• YOUR ASSIGNMENT: Below are records with pictures. Reproduce exactly the lines from the line with "Kartoffelflocken, Kartoffelmehl, frisches" to the line with "洗碗机进入中国较晚,中国企业", inclusive, and leave each picture out.

• EXERCISE MATERIALS:
************
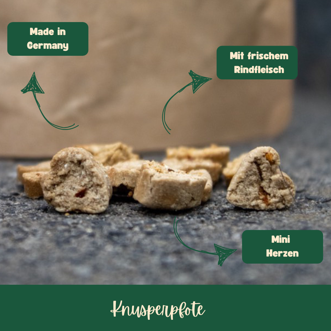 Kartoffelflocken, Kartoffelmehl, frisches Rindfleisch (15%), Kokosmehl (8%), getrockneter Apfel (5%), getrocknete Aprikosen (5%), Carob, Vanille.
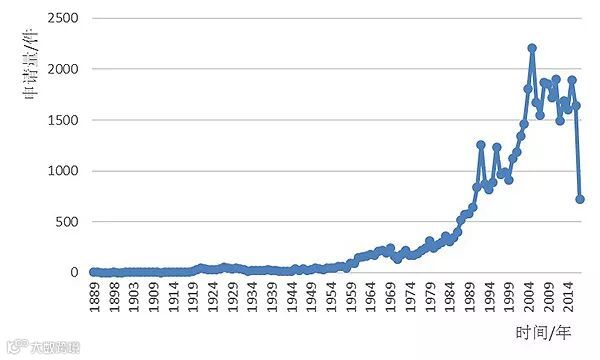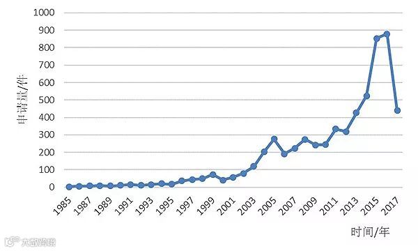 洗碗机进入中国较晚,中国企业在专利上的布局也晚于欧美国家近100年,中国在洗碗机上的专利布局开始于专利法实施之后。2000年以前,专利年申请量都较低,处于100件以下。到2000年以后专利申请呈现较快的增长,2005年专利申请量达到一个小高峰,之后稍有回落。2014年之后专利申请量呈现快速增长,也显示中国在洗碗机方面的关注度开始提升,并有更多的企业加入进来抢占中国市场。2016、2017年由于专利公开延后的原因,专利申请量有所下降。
************
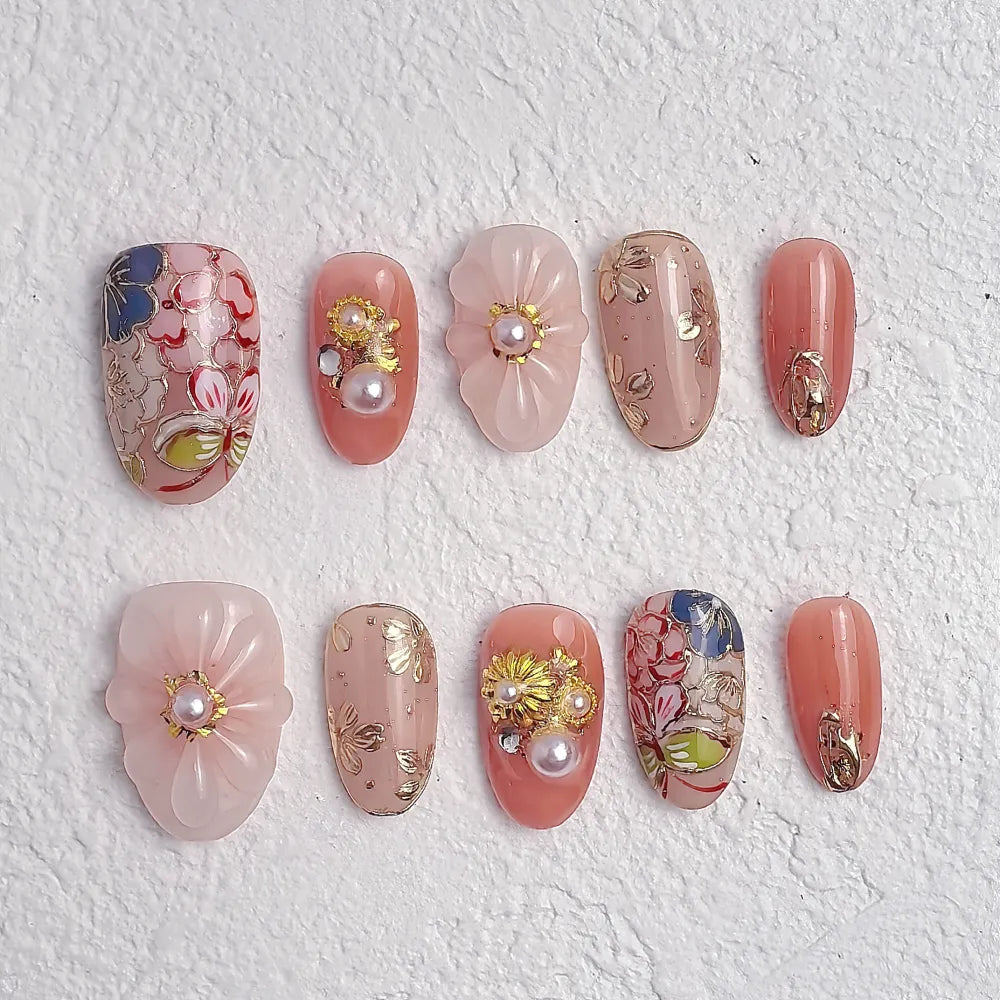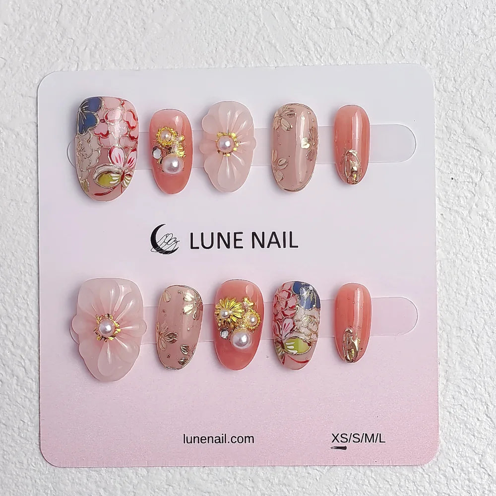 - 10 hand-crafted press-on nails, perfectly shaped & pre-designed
************
• RESULT OF THE TASK:
 Kartoffelflocken, Kartoffelmehl, frisches Rindfleisch (15%), Kokosmehl (8%), getrockneter Apfel (5%), getrocknete Aprikosen (5%), Carob, Vanille.
 洗碗机进入中国较晚,中国企业在专利上的布局也晚于欧美国家近100年,中国在洗碗机上的专利布局开始于专利法实施之后。2000年以前,专利年申请量都较低,处于100件以下。到2000年以后专利申请呈现较快的增长,2005年专利申请量达到一个小高峰,之后稍有回落。2014年之后专利申请量呈现快速增长,也显示中国在洗碗机方面的关注度开始提升,并有更多的企业加入进来抢占中国市场。2016、2017年由于专利公开延后的原因,专利申请量有所下降。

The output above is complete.